La Fille à la valise montre comment les différences homme-femme, de condition sociale, de caractère peuvent se combler pour produire en quelques instants une subtime alchimie de l'accord et de la complémentarité, atteignant le sublime, la félicité. Une alchimie subtile reposant en partie sur le jeu du hasard, nécessairement orienté par ce qu'il y a de plus positif et de plus constructif dans l'être humain.

Un récit tout simplement magnifique dont les propres ingrédients (mise en scène, scénario, photographie, interprétation, décors, montage,…) confinent eux-mêmes au sublime. Certaines séquences sont prodigieuses telle cette fusion homme-femme exprimée au pied d'un escalier, avec en toile de fond la peinture d'un grand maître, représentant un état de l'existence.

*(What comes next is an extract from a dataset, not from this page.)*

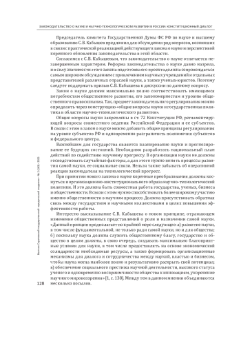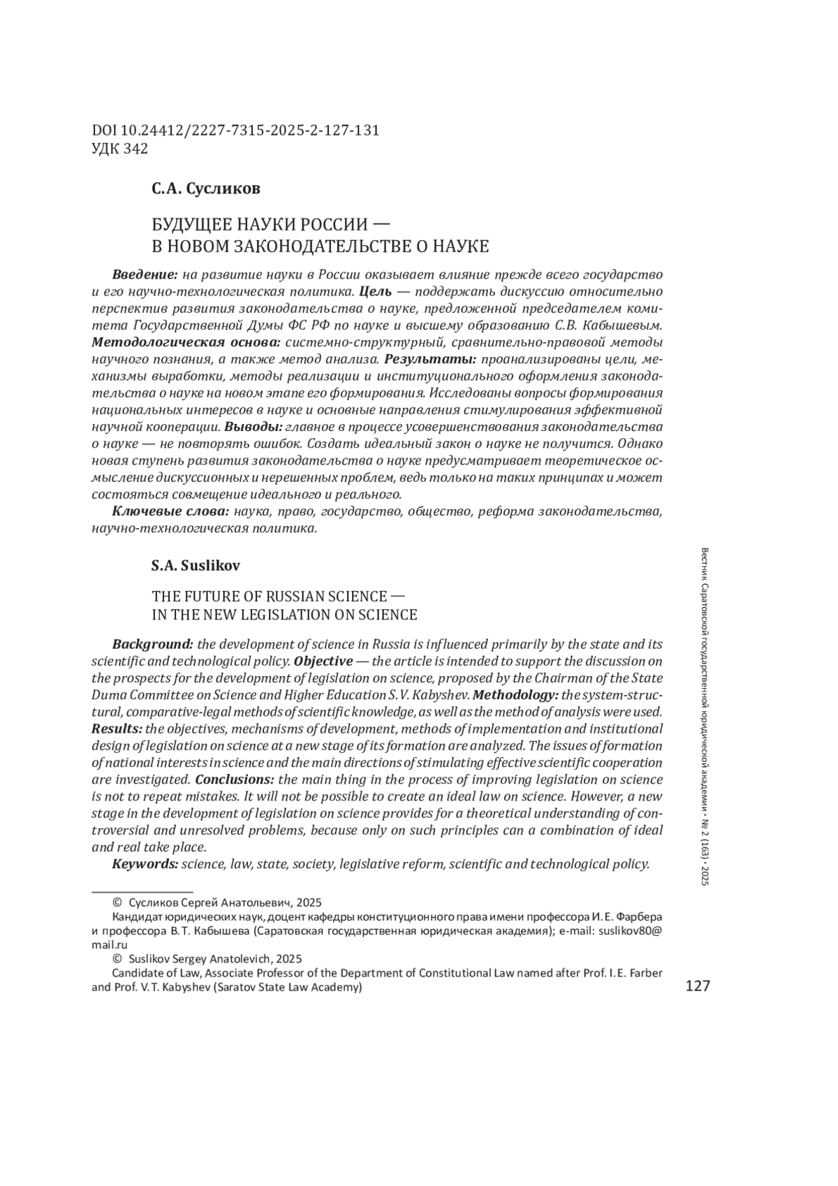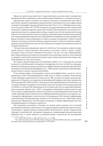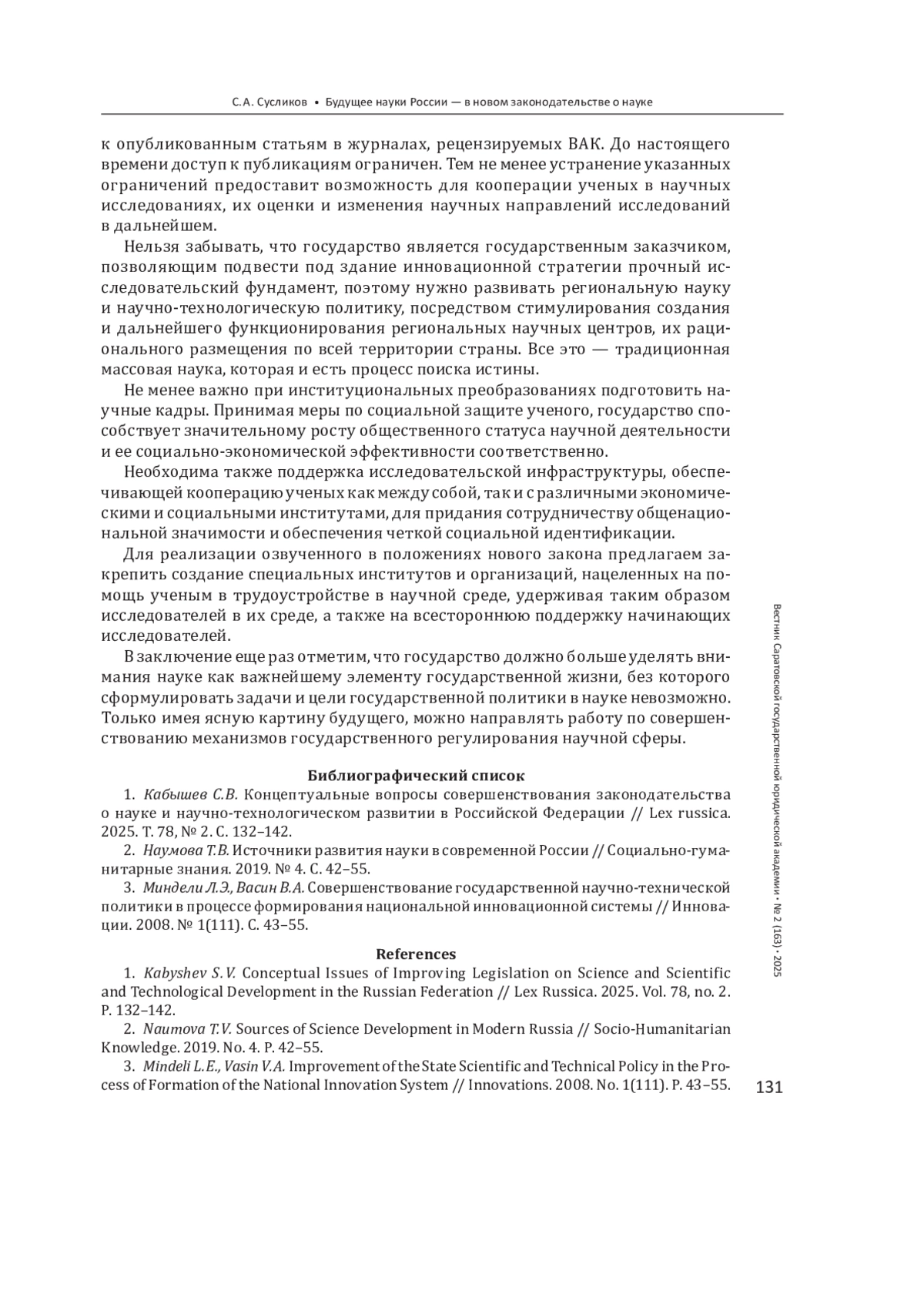 1. Кабышев С. В. Концептуальные вопросы совершенствования законодательства о науке и научно-технологическом развитии в Российской Федерации // Lex russica. 2025. Т. 78, № 2. С. 132-142.

Parmi les séquences mémorables : cette descente de l'escalier, par Claudia Cardinale, et la course de Jacques Perrin dans la gare. Elles sont parfaitement analysées par Jean-Luc Drouin, critique cinéma du quotidien "le monde" dans les suppléments du dvd.

J'ai été sensible à la beauté intrinsèque des images de ces deux séquences, un régal pour les yeux, et pour l'esprit ! Mais également à bien d'autres choses. Telle la séquence qui se déroule à la 90° minute, sur la terrasse de l'appartement. Un des musiciens de jazz, dont la musique accompagne l'action en cours, imprégnant le récit d'une ambiance dynamique et joyeuse, loin de figurer anonymement, intervient pour stopper le mari jaloux. Quelques instants plus tard, la bagarre entre les deux rivaux, menée sur le front de mer, est stoppée par deux anonymes qui surgissent dans le cadre et ceinturent l'agresseur. Des anonymes qui entrent et sortent du récit, sans nous avoir été présenté… orientant la perception mentale que l'on peut avoir de ce sujet : ainsi donc, rien n'est écrit à l'avance et les péripéties conventionnelles d'un conflit sentimental peuvent basculer dans un sens imprévu avec de simples et modestes interventions extérieures, non programmées.

Sur la terrasse, le front de mer, s'étalant à l'infini, sépare la jeune fille (représentée avec dans son dos une tour populaire, la campagne…) et le bellâtre (associé à la mer, la plage et ses plaisirs). Par le jeu de la combinaison des sons, de la lumière, des objets… les personnages acquièrent la consistance de particules élémentaires imbriquées dans un univers complexe. La nature, les formes de leurs relations deviennent le fruit de notre propre réflexion. Notre psyché personnelle donne un sens aux différents plans séquences qui se succèdent sans logique apparente.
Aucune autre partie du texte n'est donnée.